The Bishop and the Butterfly: Murder, Politics, and the End of the Jazz Age

    Any questions

    Brad Delong today is using his blog to lecture his students . Subject: how we got into this current recession , how to get out of it and why some sensible people are making dumb proposals that we should reject.

    You could read it , today's installment takes about ten minutes. But here's what seems to be the key section 

    It is true that the root problem was a derangement in the subprime mortgage market resulting from irrational exuberance which then triggered a derangement in financial markets more generally due to overleverage and misregulation.

    But we could fix mass unemployment without tackling the fundamental roots of the downturn. We just have to pull the fiscal, monetary, and banking policy levers in such a way as to get aggregate demand back to where it should be. We can then clean up the financial mess later on. Job number one, after all, is to cure mass unemployment rather than to fix the fundamentals of the financial system.

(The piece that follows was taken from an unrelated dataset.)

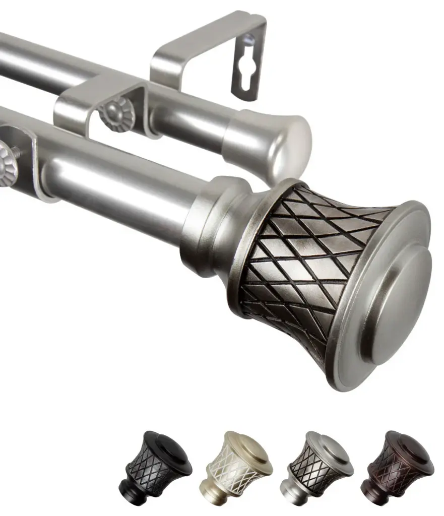 Central Design Products is thrilled to present our top-of-the-line Double Curtain Rods, the ultimate addition to any window treatment. Our high-quality rods are crafted with precision to provide a sleek and modern look to your home decor. Each set includes a double curtain rod, finials, sturdy mounting brackets, and all necessary mounting hardware. The elegant color of our curtain rods adds a touch of sophistication to your space. Upgrade your window treatment with Central Design Products'' Double Curtain Rods today! Includes 1 curtain rod of 1" diameter, one curtain rod of 13/16" diameter, finials, endcaps, mounting brackets, and mounting hardware. Size: 48-84" Projection: 6.75" Front Rod Diameter: 1" / Back Rod Diameter: 13/16" Material: Steel

    Here's the link to his blog. It's the second section after a piece about WWII

    http://delong.typepad.com/

    Comments

    Delong's subsidiary theme in this lecture was that the ultimate cause of this Recesson was Milton Friedman's personal philosophy

    , what made Friedman so certain that instability in the money stock was the cause and not the effect? I think the answer is that he was a committed libertarian. He was not just an economic libertarian--not just a believer that the government shouldn’t be interfering in the marketplace in prices and quantities and property rights. He was a social libertarian. He was a believer that the government should not be sticking its nose into people’s bedrooms, or into their ideas about how to pursue better living through chemistry. He wanted to say that that government is best that governs least: establish property rights, set up some courts to decide things if people dispute, otherwise just get out of the way--don't interfere with market prices or market quantities or property rights or social mores, but get out of the way in order to maximize individual liberty.The problem is that this does not fit with macroeconomics

    And because  Friedman wanted to believe the state shouldn't interfere in the economy he convinced himself ( and generations of followers) that it couldn't , that the economy didn't need regulation. The ultimate source for the belief in  the "efficient market" which regulates itself. The economists' version of a perpetual motion machine.